# Investigate Net Energy Production
## Load packages and data

In [2]:
import DataRetriever as dr
import pandas as pd
import plotly.express as px

retriever = dr.DataRetriever()

year_2 = retriever.get_data("All-Subsystems-minute-Year2.pkl")

# Add timestamp converted to UTC as index to year_2
# year_2["Timestamp UTC"] = pd.to_datetime(year_2["Timestamp"], utc=True, infer_datetime_format=True)
# year_2.set_index("Timestamp UTC", inplace=True)

# Load the metadata
metadata = retriever.get_data("metadata-year2.pkl")
metadata.rename(columns={"Unnamed: 0": "Attribute"}, inplace=True)

year_2[year_2["PV_Watts3PhTotalW3PhT1", "PV_Watts3PhTotalW3PhT2", "PV_PVSystem1ACPowerOSPACPV1OS", "PV_PVSystem2ACPowerOSPACPV2OS", "Elec_PowerPV1of2", "Elec_PowerPV2of2"] < 0] = 0

print("Hej")

KeyError: ('PV_Watts3PhTotalW3PhT1', 'PV_Watts3PhTotalW3PhT2', 'PV_PVSystem1ACPowerOSPACPV1OS', 'PV_PVSystem2ACPowerOSPACPV2OS', 'Elec_PowerPV1of2', 'Elec_PowerPV2of2')

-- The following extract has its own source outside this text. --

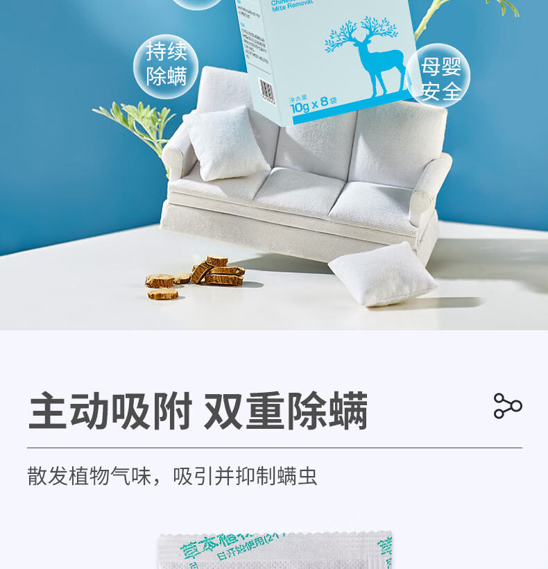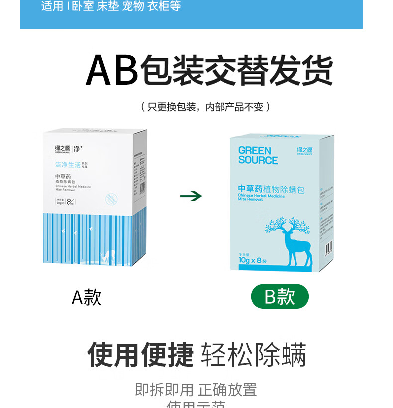 绿之源 中草药植物除螨虫包10g*8/盒大袋装 去螨虫床上非除螨喷雾家用母婴用

## Determine which columns are generating and which are consuming
### Generating Attributes

In [None]:
watt_attributes = metadata[metadata["Units"] == "W"]
print(watt_attributes)

# Define generating attributes as attributes in W that have description "Instantaneous power produced"
powerproduced_attributes = [description.startswith("Instantaneous power produced") for description in watt_attributes["Description"]]
gen_attributes = watt_attributes[powerproduced_attributes]
print(gen_attributes)
gen_attributes = gen_attributes["Attribute"].tolist()
gen_attributes

### Consuming Attributes

In [None]:
# Define generating attributes as attributes in W that have description "Instantaneous power produced"
not_powerproduced = [subsystem != "PV" for subsystem in watt_attributes["Subsystem"]]
con_attributes = watt_attributes[not_powerproduced]
con_attributes = year_2[con_attributes["Attribute"].tolist()]
con_attributes

In [None]:
# Need to further filter the consuming attributes as some are duplicates and measure the same thing

# We use the correlation between attributes to determine if they measure the same thing
correlations_df = con_attributes.corr().abs()

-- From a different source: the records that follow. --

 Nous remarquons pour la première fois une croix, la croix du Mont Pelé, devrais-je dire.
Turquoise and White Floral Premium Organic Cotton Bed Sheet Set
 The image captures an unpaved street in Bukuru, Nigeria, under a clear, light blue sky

# Create a dict of key value pairs with high correlations.
correlation_pairs = dict()
for rowIndex, row in correlations_df.iterrows(): #RowIndex is the row name, row is a pd.Series of (column name : entry value)
    for columnIndex, value in row.items(): #columnIndex is column name, value is the entry value
        if value > 0.80: #If correlation is larger than threshold and row name and column name is not the same
            if rowIndex != columnIndex: # We dont want pairs of themselves, eg A : [A]
                correlation_pairs.setdefault(rowIndex, []) #Insert row name as key if it does not already exist. Make the value pairs an empty list.
                correlation_pairs[rowIndex].append(columnIndex) #Append the column name as value to the key.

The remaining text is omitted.